Numbers have since multiplied and budgets remain tight.
“Jerusalem has a very poor population and the budget is needed for a lot of things,” he said.
They rely on volunteers and Saul is one of the city’s most active — working in areas many Jewish people are unwilling to visit.
She started in the Old City’s Jewish Quarter, where she lives in a two-bedroom flat currently filled with five cats and six kittens.
She feeds them out of a frying pan, while the spare room where a sick feline is quarantined has been closed off.
Within a few years she has trapped and had spayed all the female cats in the Jewish Quarter.
AFP accompanied Saul on a mission in the Muslim Quarter on an average Wednesday night.
The area, with lanes too narrow for cars and flanked by small stalls, still holds fear for many Jews.
Israeli police, seen as occupiers by Palestinian residents and international law, are regularly attacked. There have also been attacks, some deadly, on Jewish civilians.
As an Israeli American who speaks only one phrase of badly pronounced Arabic, “Allah and Mohammed want big strong men to be nice to animals,” she admits to concerns.
“There have been a few times where they (Palestinians) have said: ‘What are you doing?’ And I explain to them and they look at me and they have these big brown eyes, these beautiful eyes, and they say: ‘Wow, thank you.

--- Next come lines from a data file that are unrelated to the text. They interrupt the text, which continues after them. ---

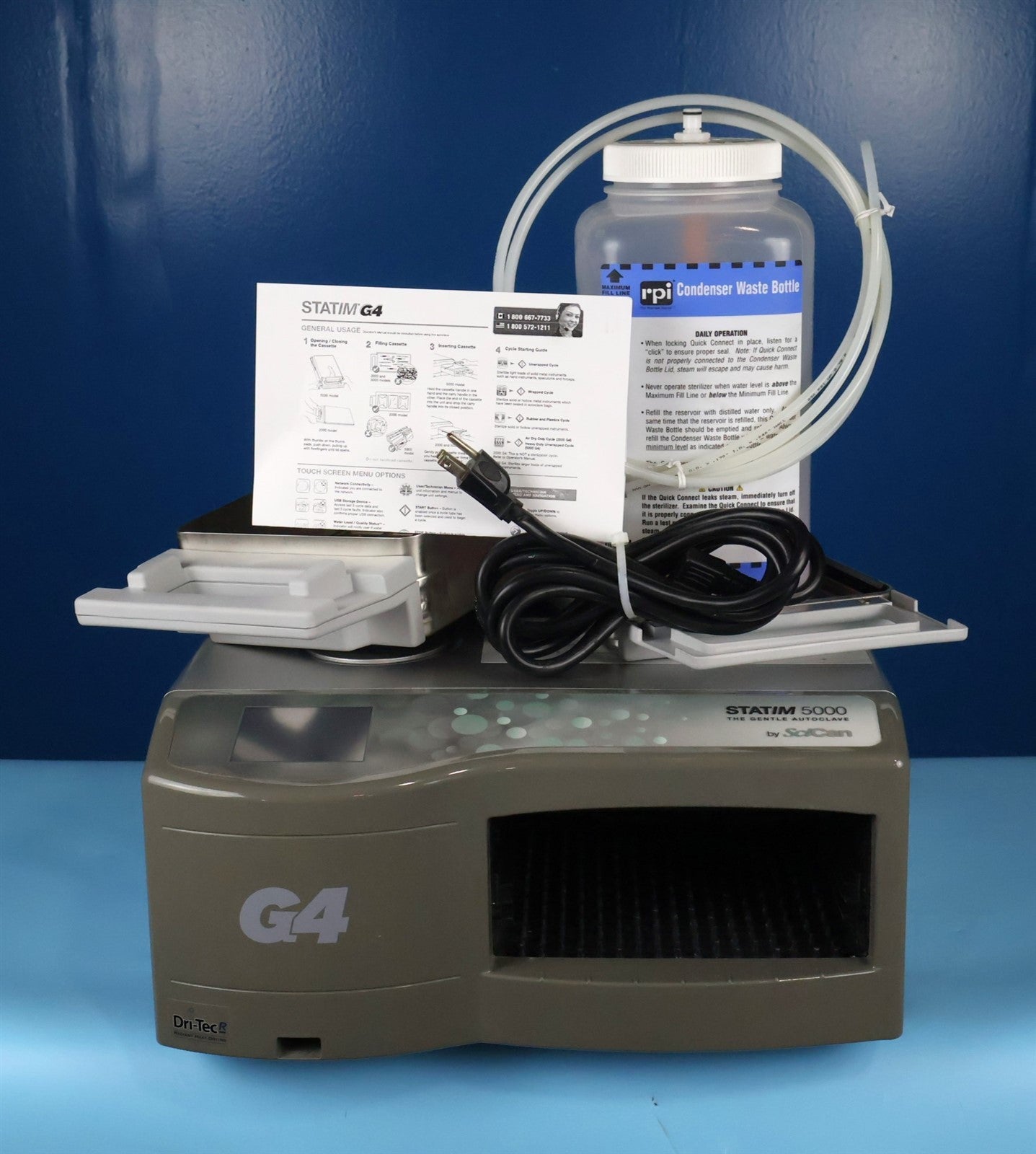 1 - SciCan STATIM 5000 G4 Cassette Autoclave 1 - Sterilizing Cassette w/ Rack 1 - Condenser Waste Bottle 1 - Power Cord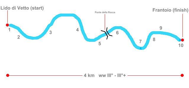 Su questo tratto di fiume si sono disputate le ultime edizioni delle gare internazionali di canoa discesa. E' un tratto molto divertente anche se non particolarmente impegnativo, caratterizzato dall'alternanza di brevi rapide con laghetti tranquilli ideali per il gioco. Molto invitante la rapida finale, lunga oltre mezzo km, con divertenti giochi d'acqua. Il tempo necessario è di circa un'ora. Lo sbarco è al frantoio della cantoniera. |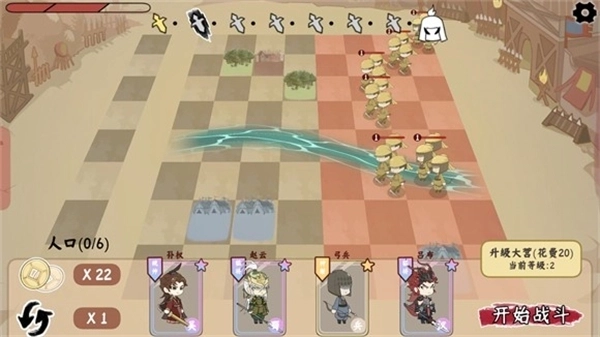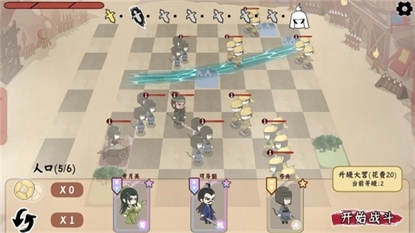 把小兵放置到棋盘上后,点击“开始战斗”按钮就能开启闯关;棋子会自行攻击敌人,等所有敌人都被击败,即可顺利通关。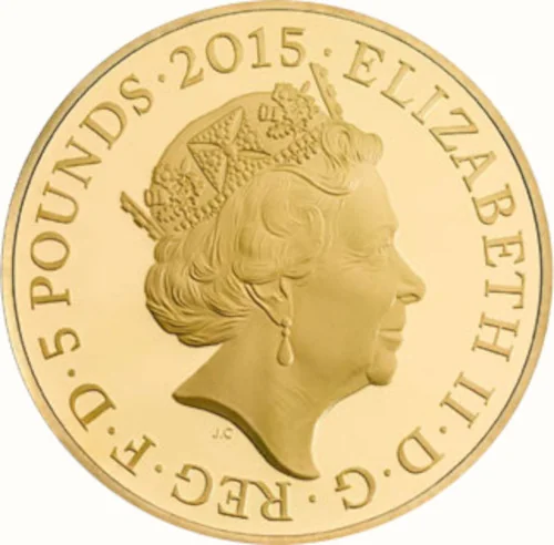 Elizabeth II, by the Grace of God, Queen, Defender of the Faith, 5 Pounds, 2015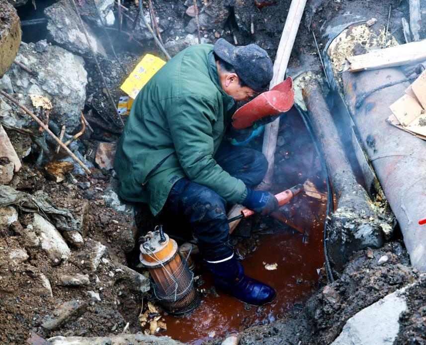 搶修現(xiàn)場(chǎng),機(jī)械與人力協(xié)同發(fā)力。小型挖掘機(jī)破土作業(yè),挖開(kāi)近2米深的作業(yè)面,精準(zhǔn)定位蒙板漏水點(diǎn)。10余名搶修人員腳穿水靴,一邊操作水泵排水,一邊用鍬鎬擴(kuò)大作業(yè)空間,爭(zhēng)分奪秒推進(jìn)搶修進(jìn)程。為搶抓進(jìn)度,搶修人員放棄午休和周日休息,全程堅(jiān)守一線,先后完成開(kāi)口、安裝臨時(shí)閥門(mén)等關(guān)鍵工序,待供暖主管水凈后,迅速開(kāi)展焊接作業(yè),精準(zhǔn)修復(fù)10多公分長(zhǎng)的破裂處,最終完成焊接、保溫及現(xiàn)場(chǎng)恢復(fù)工作。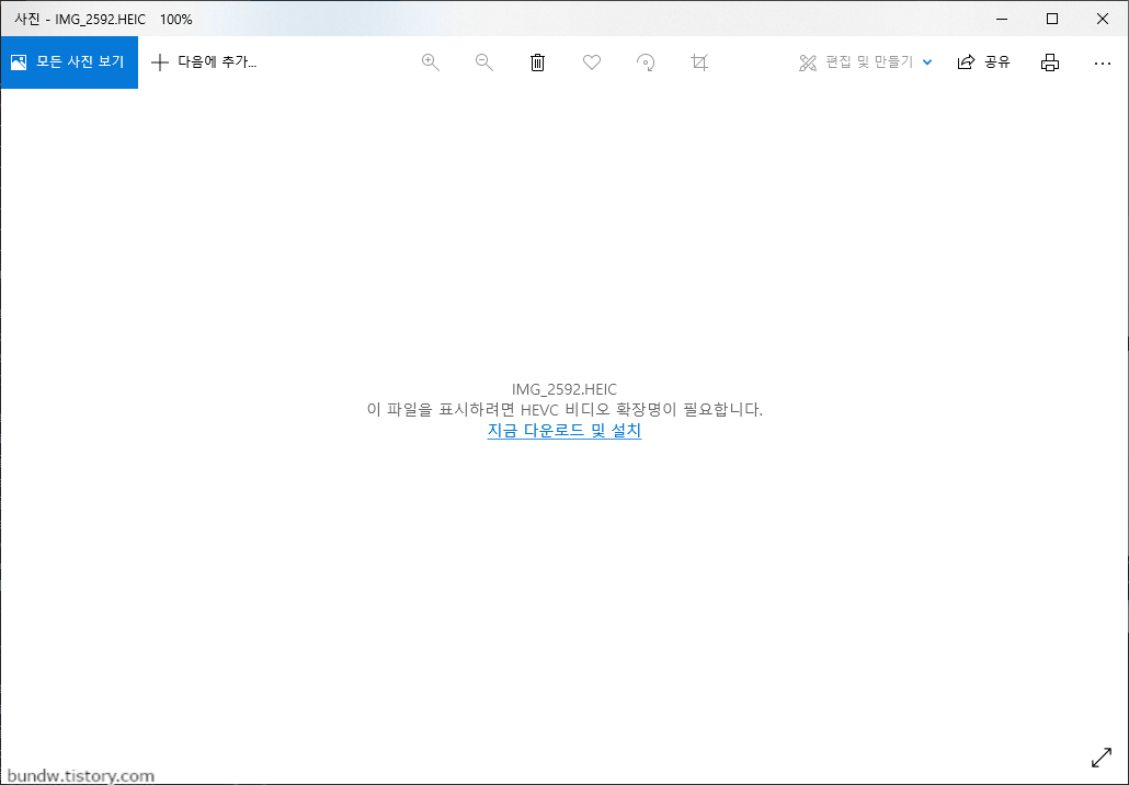 맥에서는 기본으로 지원하기 때문에 별도로 설치를 하지 않아도 미리보기 및 열기를 할 수 있지만, 윈도우인 경우 코덱이 기본으로 설치되어 있지 않아 아래와 같이 볼 수가 없습니다.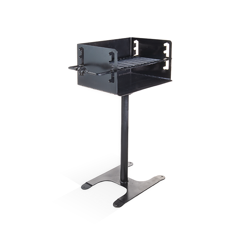 Created for campgrounds, parks, and day-use areas, this hand-crafted grill can also be used in backyard applications. Standing 36” tall, made from 3/16” steel plate including 5/8” steel adjustable BBQ grate this grill will stand the test of time. Coated with heat resistant paint, this grill can either be bolted or set in concrete for safety and security.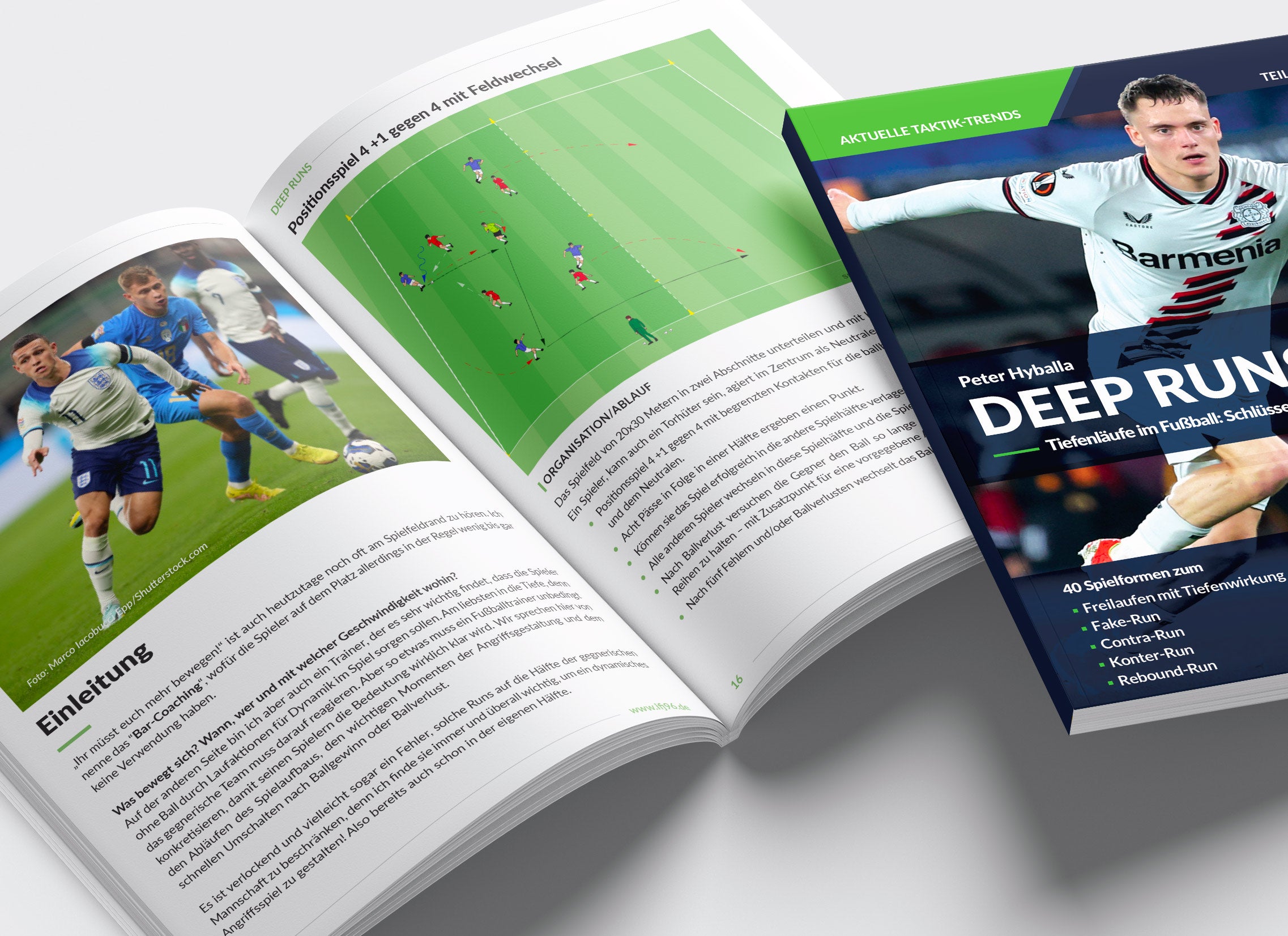 In seinem neuen Buch „Deep Runs – Tiefenläufe im Fußball“ zeigt Peter Hyballa, wie moderne Mannschaften durch clevere Laufbewegungen ohne Ball Spiele entscheiden können. Auf 132 Seiten mit 40 Spielformen erklärt der erfahrene Profitrainer – unterstützt von Beispielen aus seiner Arbeit mit internationalen Teams – eines der am meisten unterschätzten Elemente des Fußballs: das intelligente Bewegungsspiel in die Tiefe.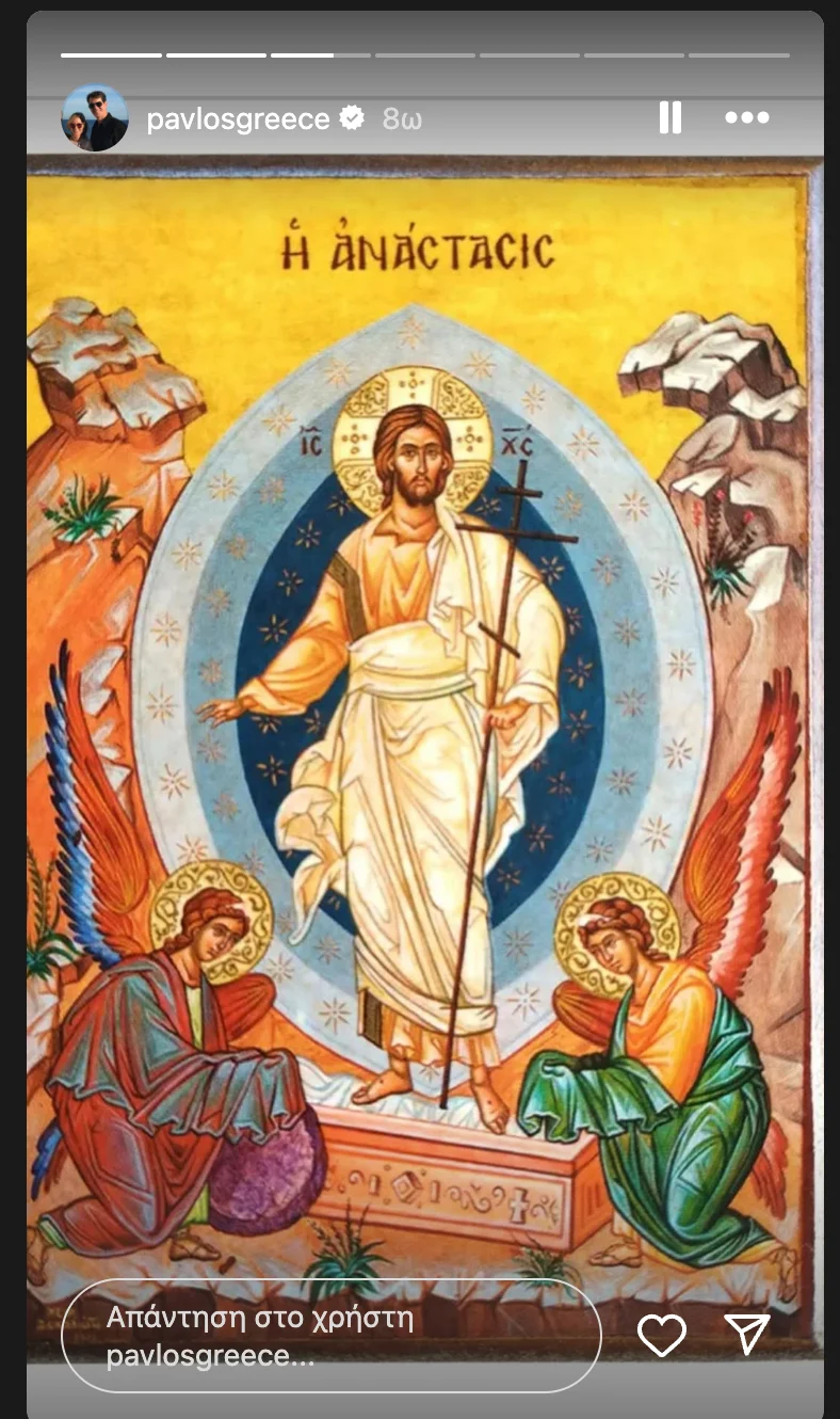 Ο Παύλος με την οικογένειά του παρακολούθησε τη λειτουργία της Ανάστασης στην ελληνική Ορθόδοξη Εκκλησία της Κοιμήσεως της Θεοτόκου, που βρίσκεται στα Χάμπτονς της Νέας Υόρκης. Ανήμερα Πάσχα, στις 20 Απριλίου, έκανε μία ανάρτηση στο Instagram για να ευχηθεί δημόσια, συνοδεύοντάς την με μία φωτογραφία στην οποία ποζάρει με τους γιους του, φωτισμένοι από το φως της Ανάστασης.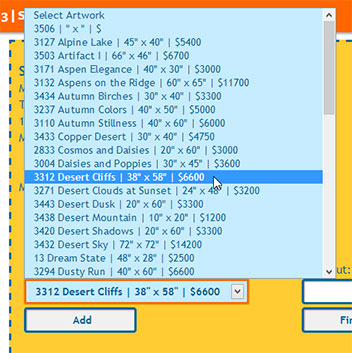 On the "Select Artwork & Record Payments" page, you will select the artwork your client is purchasing. There are two ways to do this. The first is to use the "Select Artwork" drop-down menu, and click on the artwork you wish to sell to the client.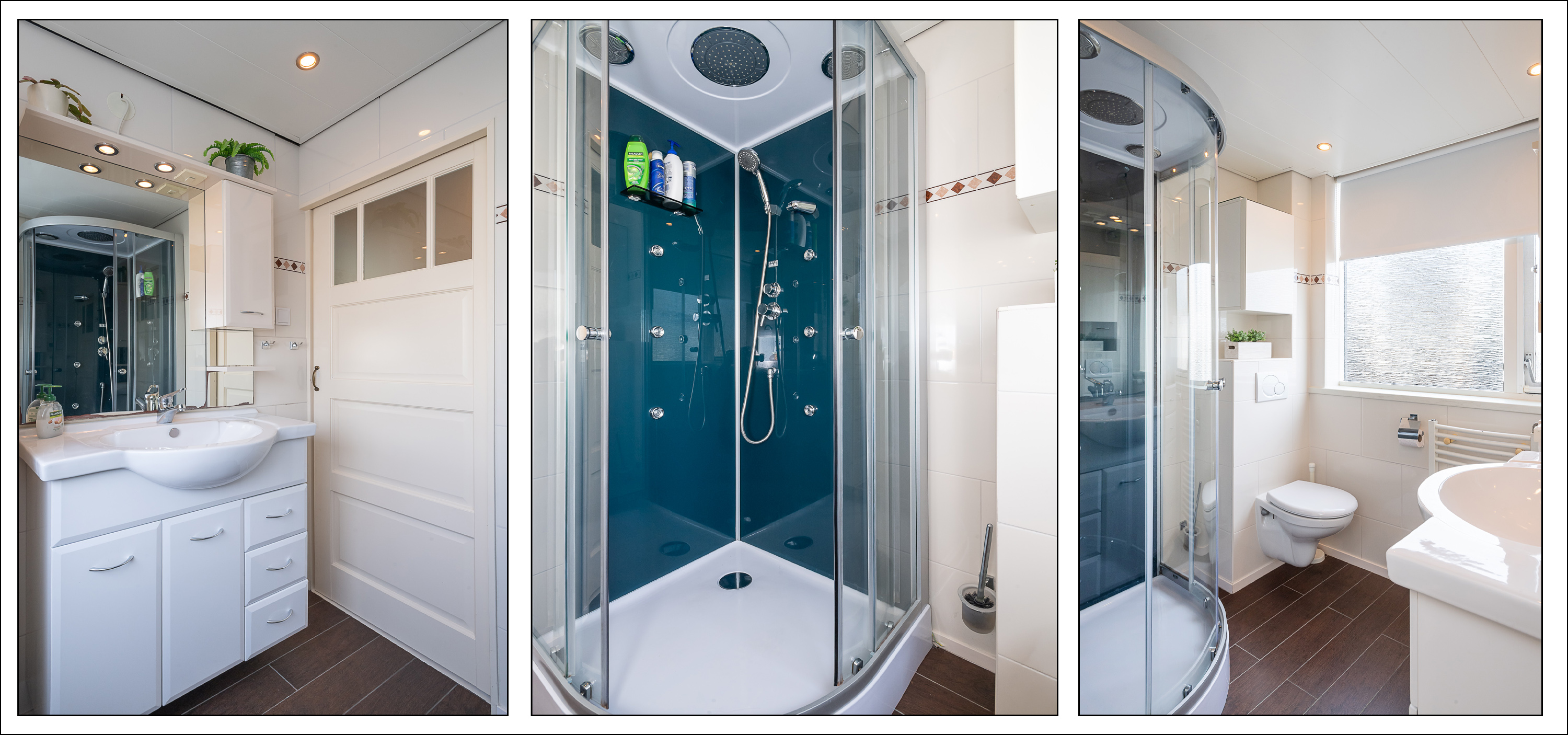 Geheel betegelde badkamer met douchecabine met regendouche en handdouche, wastafel met wastafelmeubel met spiegel en verlichting, 2e toilet en handdoeken radiator.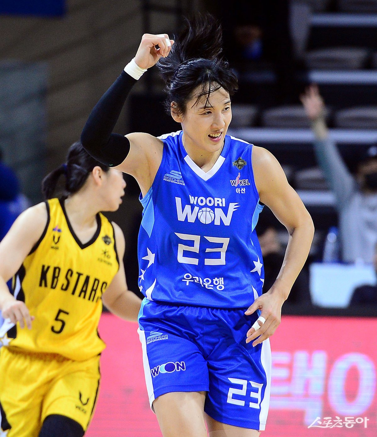 30일 충남 아산 이순신체육관에서 열린 ‘우리은행 우리 WON 2023-2024 여자프로농구’ 아산 우리은행과 청주 KB의 챔피언결정전 4차전 경기에서 우리은행 김단비가 득점을 올린 후 환호하고 있다.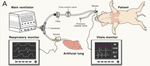 The researchers first tested their setup on a ventilator split between a pig and an artificial lung. By changing the properties of the artificial lung, they could model many of the changing conditions that might arise in patients; they also showed that the ventilator settings could be adjusted to compensate. They later showed that they could ventilate two animals on one ventilator and maintain the necessary airflow to both.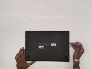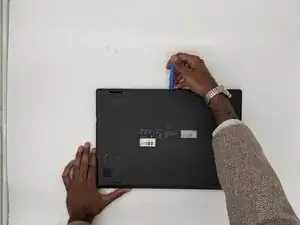Вставьте инструмент для открытия в шов между нижним корпусом и шасси.

You have a good heart.’“
She usually likes to work between one and five in the morning when the streets are deserted, but this night starts a little earlier.
She spies a cat outside the gate she hasn’t seen before and traps it — it will be taken to the city vet in the morning.
Then she enters the Old City and sets up her baited traps. A cat is about to enter when a group of Palestinian youths arrive, startling it. After some terse words they move on.
Within minutes, three ultra-Orthodox Jewish men stop and stand by the trap.
Saul says very religious people of all faiths often have little experience of animals.
She asks them, politely at first, to move on but they refuse. Within a few minutes the scene escalates.
“The Nazis behaved exactly like that,” one man says. “Hitler kissed his dog at the same time as sending people to the crematorium.”
Saul is incandescent. “A Jew calling another Jew a Nazi?” she shouts.
She throws hummus at the man, splattering his back. Police arrive and all four are taken to the station.
After half-hearted apologies, they are released without charges, but by now it is nearly 2:30 a.m.
Saul heads back to the car to grab her traps. For Jerusalem’s cat lady, the night is just getting started.